Design of dual stimuli responsive polymer modified magnetic nanoparticles for targeted anti-cancer drug delivery and enhanced MR imaging

Abstract

Herein, we report a strategic design of dual temperature and pH responsive polymer integrated magnetic nanohybrids comprising of smart block copolymers and mixed ferrite nanoparticles (MFNPs) for efficient anti-cancer drug delivery and magnetic resonance imaging (MRI). Citrate stabilized mixed ferrite nanoparticles (CA-MFNPs) were intelligently modified with the dual responsive polyethyleneimine (PEI) cross-linked Pluronic F127 copolymer via the EDC/NHS method. In order to accomplish cancer targeting and imaging capability, both the folic acid (FA) and rhodamine isothiocyanate (RITC) were tethered to the nanoparticles via intricate chemical approaches. These FA targeted nanohybrids were further entrapped with doxorubicin (DOX) and their release pattern was investigated. These DOX loaded FA targeted nanoparticles (DOX–FA–Poly-MFNPs) demonstrated high drug payload and encapsulation efficiency i.e. 4.6% and 92.0%, respectively. It is shown that at the lower pH/higher temperature i.e. acidic pH (5.0) and at body temperature (37 °C), the DOX–FA–Poly-MFNPs exhibited enhanced release of DOX (drug release value ∼53%) while retaining their stealthy structure under physiological conditions (drug release value ∼12%), exhibiting an apparent thermo/pH controlled drug release pattern.

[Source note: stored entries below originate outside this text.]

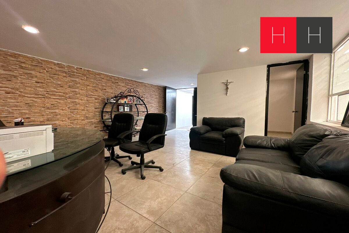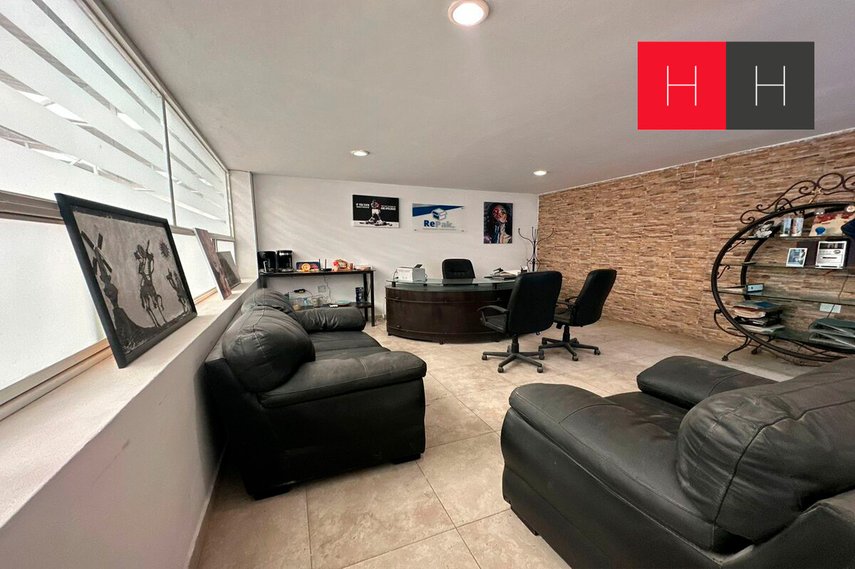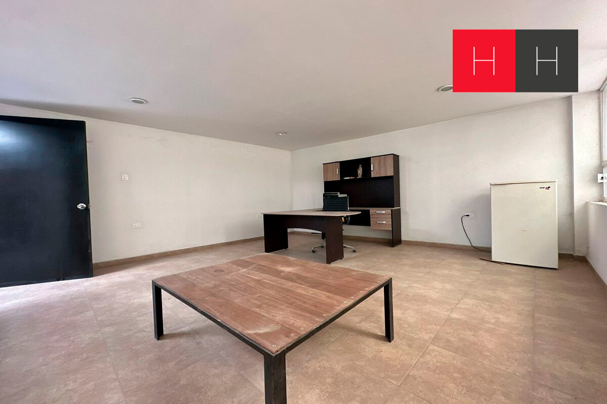 Con 6 oficinas con desayunador un almacén con area techada y atrás cuenta con area sin techar tiene pasto en ella pueden dejar automóviles.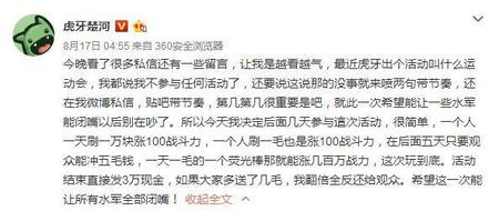 7、打压主播。还是多次因为虎牙专区推荐王者荣耀推荐的别的主播而发怒,找到负责人让其立即更换,若是不换,合同到期就离开虎牙。并且楚河还爆料,嗨氏私底下经常会见其它直播平台的负责人谈工资,并且给虎牙施压,要求虎牙涨工资。并且用水军在虎牙直播APP评论下面刷差评。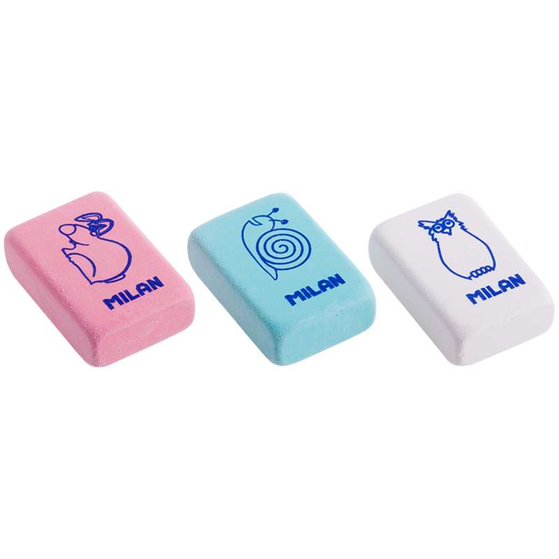 Ластик из натурального каучука с добавлением абразивных веществ. Подходит для работы с твердыми грифелями. Мягкие формы, спокойные пастельные цвета, забавные персонажи. Страна-производитель: ИспанияЛастик Milan "4060", прямоугольный, синтетический каучук, 28*19*10мм
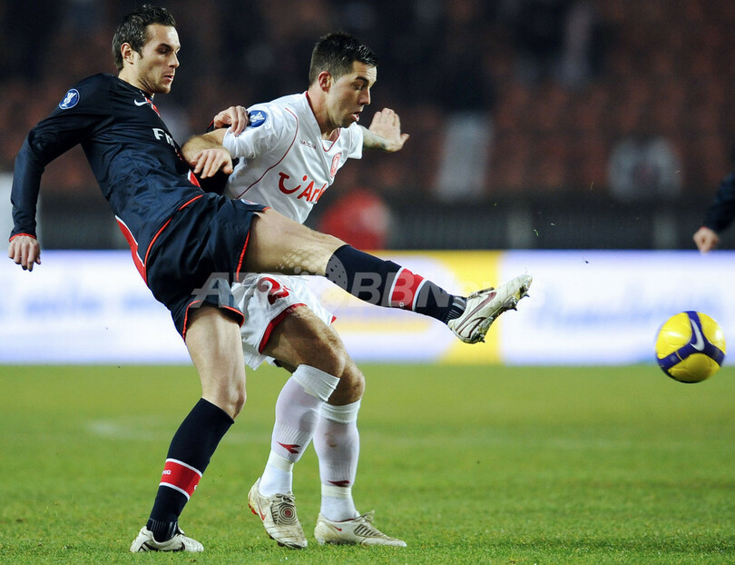 スポーツ サッカー パリ・サンジェルマン 快勝で決勝トーナメント進出 2008年12月19日 8:33 発信地:パリ/フランス [ ヨーロッパ フランス ] このニュースをシェア ‹ › ❮ 7/11 ❯ パリ・サンジェルマンのグレゴリー・ブリヨン(%%Gregory Bourillon%%、左)と競り合うFCトウェンテ・エンスヘーデのテオ・ヤンセン(%%Theo Janssen%%)。(2008年12月18日撮影)(c)AFP/FRANCK FIFE 画像作成中 ! 【12月19日 AFP】サッカーUEFA杯2008-09(UEFA Cup 2008-09)グループリーグA最終節、パリ・サンジェルマン(Paris Saint-Germain)対FCトウェンテ・エンスヘーデ(FC Twente Enschede)。試合はパリ・サンジェルマンが4-0でFCトウェンテに快勝し、同グループ3位に入り決勝トーナメント進出を決めた。(c)AFP サッカー 一覧へ> メディア・報道関係・法人の方向け 写真・動画 購入のお問合せ>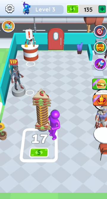 2、引人入胜的挑战:随着游戏进行,您将遇到各种特殊事件和限时任务,比如万圣节主题派对或僵尸美食大赛,这些活动带来丰厚奖励的同时也考验您的经营能力。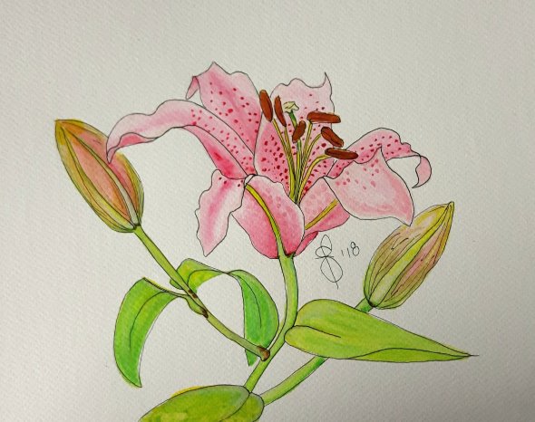 Posted: June 14, 2018 Filed under: #WorldWatercolorGroup, Fabriano cold press paper, Paintings of Flowers, Susan Feniak art, Susan Feniak Originals, Uncategorized, Windsor Newton Cotman Water Colours | Tags: #paintingaday #paintingsofflowers, #WorldWatercolorGroup, Fabriano papers, For the joy of it, Paintings from the garden, Paintings of Flowers, Sketches of Flowers or Plants, Susan Feniak Original Art, Susan Feniak water colours, Windsor Newton Cotman Water Colours 7 CommentsOne of my favourite flowers are pink lily’s. Artist Susan Feniak. Windsor Newton Cotman Water Colours on Fabriano paper. 8″×10″.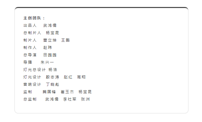 特別感謝乾元泰來(北京)國際文化傳媒有限公司燈光總設計楊浩老師的肯定和大力支持!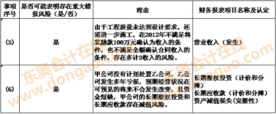 我們認為,除“三、導致保留意見的事項”段所述事項可能產(chǎn)生的影響外,甲公司財務報表在所有重大方面按照企業(yè)會計準則的規(guī)定編制,公允反映了甲公司2012年12月31日的財務狀況以及2012年度的經(jīng)營成果和現(xiàn)金流量。

The folic acid receptor (FAR) specific endocytosis to cancer cells (human cervix adenocarcinoma i.e. HeLa) in comparison to normal immortalized keratinocytes (HaCaT) cells were demonstrated via fluorescence microscopy and magnetic resonance imaging (MRI). Furthermore, these DOX–FA–Poly-MFNPs displayed effective therapeutic activity evaluated by a cytotoxicity assay and cell cycle analysis in HeLa cells. Therefore, these dual responsive mixed ferrite nanoparticles may serve as promising theranostic agents for in vivo cancer therapy.